On August 19, 2021, the New York Stock Exchange (“NYSE”) further amended its rules regarding related party transaction approval requirements, reversing certain of the changes adopted in April 2021 such that “related party transactions” will once again be subject to review only if they: (i) in the case of domestic companies, have a transaction value greater than $120,000 and (ii) in the case of foreign private issuers, are material to the company. As further amended, Section 314.00 of the NYSE Listed Company Manual (“Section 314.00”) requires a company’s audit committee or another independent body of a company’s board of directors to review in advance those “related party transactions” that must be disclosed (i) by domestic companies under Item 404 of Regulation S-K (“Item 404”) of the Securities Exchange Act of 1934, as amended (the “Exchange Act”), and (ii) by foreign private issuers under Item 7.B of Form 20-F (“Item 7.B”).

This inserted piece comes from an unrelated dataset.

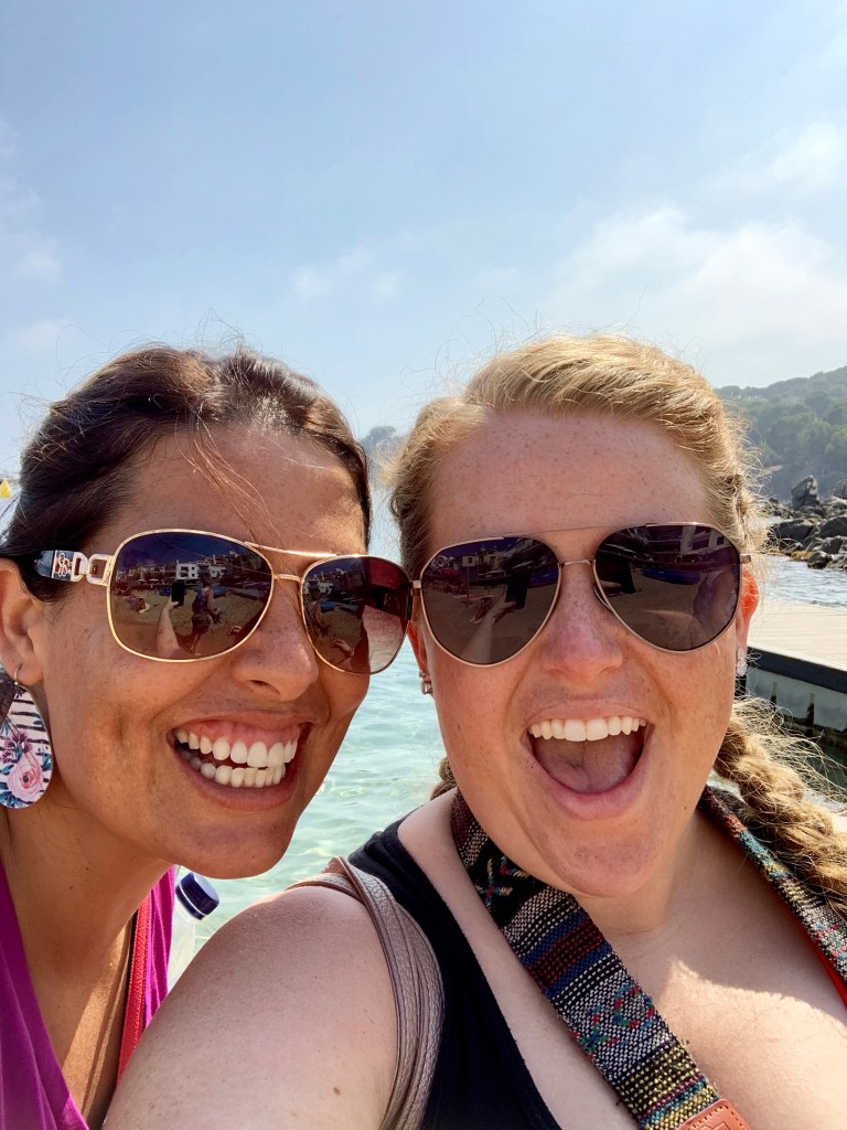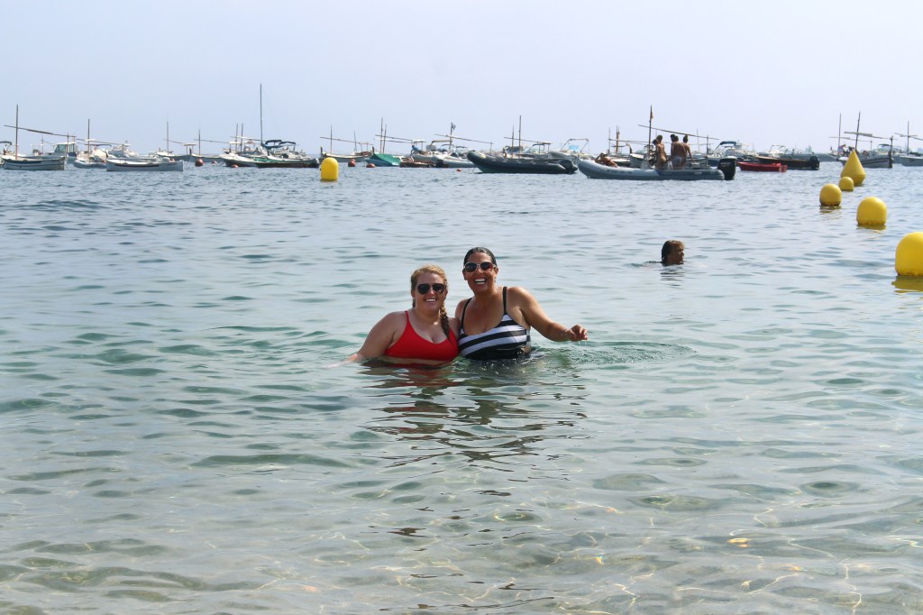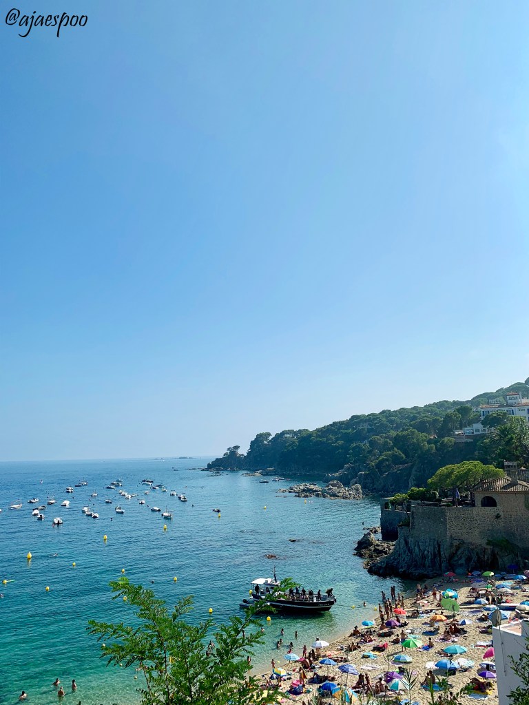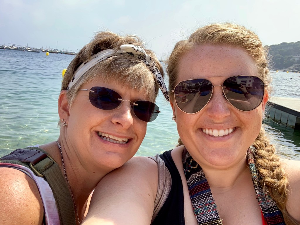 Next, we headed southeast to the coastal town of Calella de Palafrugell, which is still part of the Costa Brava region and was originally an ancient fishing village. First we ate at the Restaurante la Vela and then were given a few hours of free time to explore on our own. We chose to spend our time on the beach and eating gelato. Mom and I are mountain girls at heart, but Jodi grew up in Florida and is a true beach girl, so I know this part was one of her favorite parts of the whole trip. From what I read about the area both before and after our visit, many agree that among the various destinations on the Costa Brava, this is the one most frequented by Spaniards on vacation vs. tourists. Regardless, after a busy and heavy walking morning, it was nice to relax a bit in the sun, and the water was pretty warm and clear!

Following the April 2021 amendment, Section 314.00 required related party transactions to be reviewed in advance by a company’s audit committee or another independent body of a company’s board of directors if such transaction was disclosable under Item 404 or Item 7.B, but without regard to applicable transaction value or materiality thresholds. As a result, Section 314.00 had subjected all related party transactions to advanced review, including those not required to be disclosed, creating additional compliance burdens for NYSE-listed companies, which would have been subject to disparate related party transaction approval requirements under NYSE rules and disclosure requirements under Securities and Exchange Commission (“SEC”) rules. The most recent amendment to Section 314.00 addresses this inconsistency by removing the references to “without regard to the transaction value” (in respect of Item 404) and “without regard to the materiality threshold” (in respect of Item 7.B), thereby applying a single standard for both review and disclosure.
Under Item 404(a), a company (other than a foreign private issuer) must disclose certain transactions with any director or executive officer or any person (including any “group” under Section 13(d)(3) of the Exchange Act) that is a 5% or greater beneficial owner of any class of a company’s voting securities (or any immediate family member of any such person) in which any such related person has a direct or indirect material interest and the transaction involves more than $120,000. Item 7.B requires foreign private issuers to disclose any transaction or loans between the company and certain specified individuals (and close family members) and enterprises that are able to exercise control or significant influence over the company, including shareholders and management, that are material to the company or the related party, or are unusual in their nature or conditions, involving goods, services, or tangible or intangible assets, to which the company or any of its parent or subsidiaries was a party. The amended Section 314.00, however, maintains the requirement added in April 2021 that related party transactions be reviewed in advance by the audit committee (or another independent body of the board of directors).
The most recent amendments to Section 314.00 became effective on August 19, 2021 and will become operative 30 days thereafter (unless the SEC objects to the proposed amendments).